DIRECTIONS →
Everything in the data must be repeated exactly, apart from the pictures, which are left out.

MATERIAL PROVIDED →
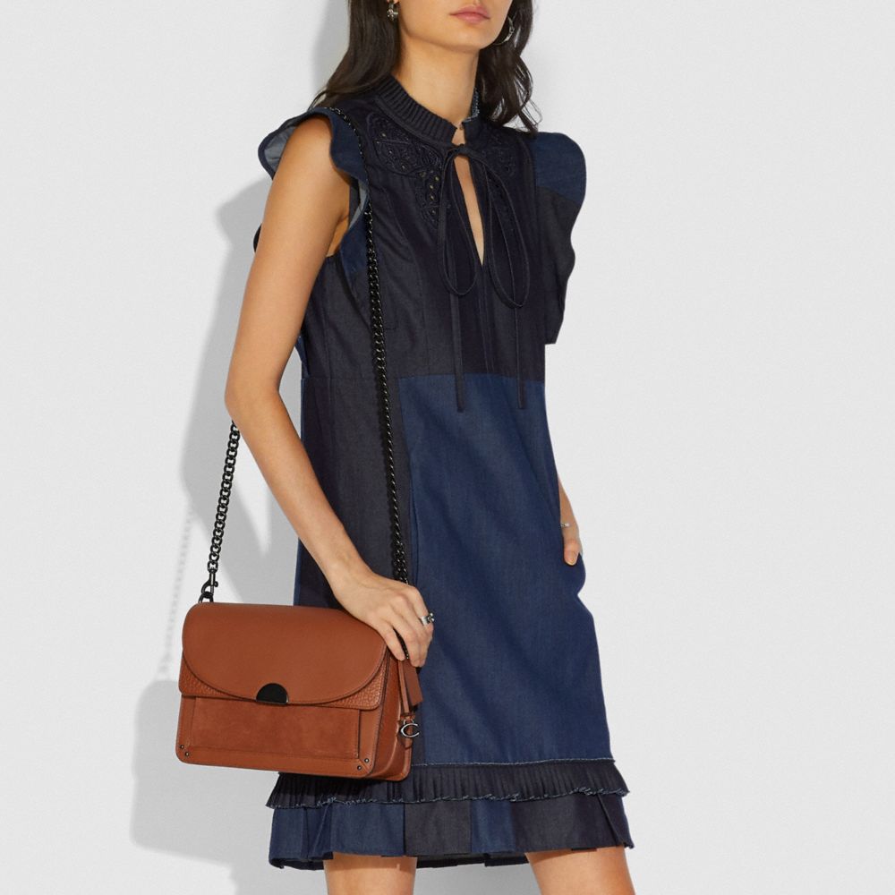 Glovetanned leather, buffalo-embossed leather and suede| Inside zip and open pockets| Snap closure, leather lining| Outside open pocket| Two detachable straps with 23" drop for shoulder and crossbody wear| Instantly change the look of your bag with an interchangeable strap.| 10 1/4" (L) x 7 1/2" (H) x 3 1/2" (W)
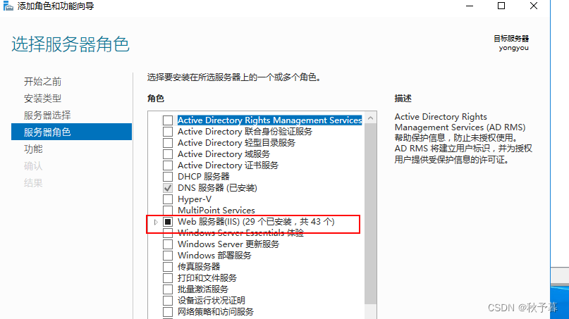 2)勾選“Web服務(wù)器(IIS)”,按照提示完成安裝
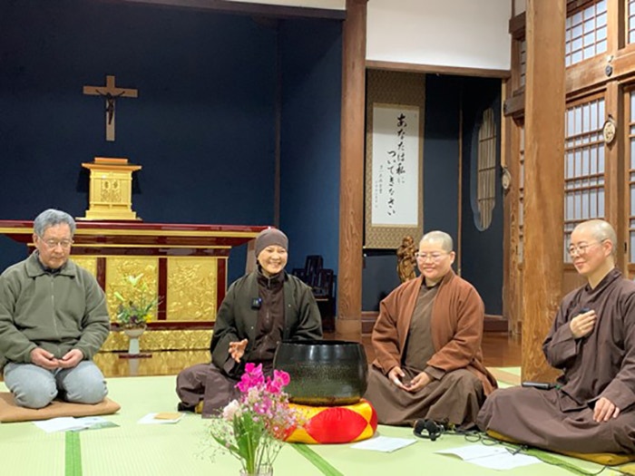 イエズス会聖ヨハネ修道院では神父(左)やシスター、キリスト教の黙想実践者らとマインドフルネスのプラクティスを分かち合う集いが開催された。修道院は1938年に建築された和風建物で聖堂は畳敷、被爆後は救護拠点となった。

ANSWER TO THIS PROBLEM →
 Glovetanned leather, buffalo-embossed leather and suede| Inside zip and open pockets| Snap closure, leather lining| Outside open pocket| Two detachable straps with 23" drop for shoulder and crossbody wear| Instantly change the look of your bag with an interchangeable strap.| 10 1/4" (L) x 7 1/2" (H) x 3 1/2" (W)
 2)勾選“Web服務(wù)器(IIS)”,按照提示完成安裝
 イエズス会聖ヨハネ修道院では神父(左)やシスター、キリスト教の黙想実践者らとマインドフルネスのプラクティスを分かち合う集いが開催された。修道院は1938年に建築された和風建物で聖堂は畳敷、被爆後は救護拠点となった。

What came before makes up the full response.